District of Columbia
In D.C., 28 percent of homeless youth identify as LGBTQ
Advocacy groups, D.C. agency respond to increase in numbers
Editor’s Note: This article is part of our 2024 contribution to the D.C. Homeless Crisis Reporting Project in collaboration with other local newsrooms. The collective works will be published throughout the week at bit.ly/DCHCRP.
The LGBTQ operated and LGBTQ supportive homeless shelters and transitional housing facilities in D.C. are operating at full capacity this year as the number of homeless city residents, including LGBTQ homeless residents, continues to increase, according to the latest information available.

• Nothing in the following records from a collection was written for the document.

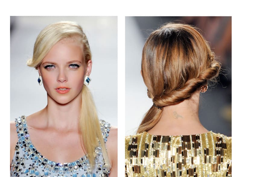 An der Fashionshow von Jenny Packham wurden die Models mit einem seitlichen Pferdeschwanz über den Laufsteg geschickt. Tiefer Seitenscheitel ziehen und von vorne her die Strähne zu einer Tolle einrollen, in regelmässigen Abständen feststecken und am seitlichen Nacken zum Pferdeschwanz binden.
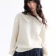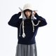 - This doll collar puff-sleeve sweater features a classic H-line shoulder cut for a simple, timeless silhouette. The subtle puff sleeves add a touch of vintage charm and an effortlessly relaxed vibe. Its slightly oversized fit drapes loosely, offering a casual feel that suits various body types. The basic round neckline is enhanced with a delicate ruffled doll collar, perfect for peeking out from under a vest or V-neck cardigan. The sleeves are designed with a gentle puff, subtly flattering the arms without being overly dramatic.
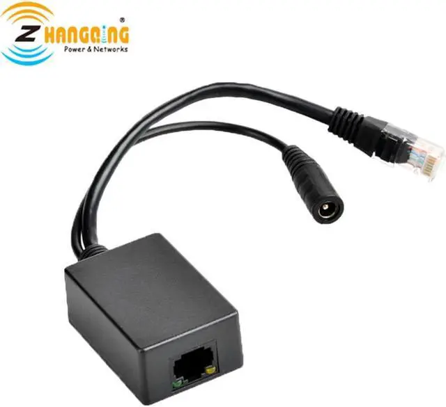 Power into the device is either from the 2.1mm DC connector OR from the RJ45 male pins 4,5 + (plus) and 7,8 (minus). The device passes 10/100/1000 Ethernet.

The annual 2024 Point-In-Time (PIT) count of homeless people in the District of Columbia conducted in January, shows that 12 percent of the homeless adults and 28 percent of homeless youth between the age of 18 and 24 identify as LGBTQ.
The PIT count shows an overall 14 percent increase in homelessness in the city compared to 2023. This year’s count of a total of 527 LGBTQ homeless people marks an increase over the 349 LGBTQ homeless people counted in 2023 in D.C. and 347 LGBTQ homeless counted in 2022.
Representatives of the LGBTQ organizations that provide services for homeless LGBTQ people have said the actual number of LGBTQ homeless people, especially LGBTQ youth, are most likely significantly higher than the annual PIT counts.
Liz Jaramillo, director of Youth Housing for the D.C. LGBTQ youth advocacy group SMYAL, which provides transitional housing for at least 55 homeless LGBTQ youth through four housing programs, said SMYAL staff members have observed a clear increase in the number of LGBTQ youth facing homelessness or housing insecurity.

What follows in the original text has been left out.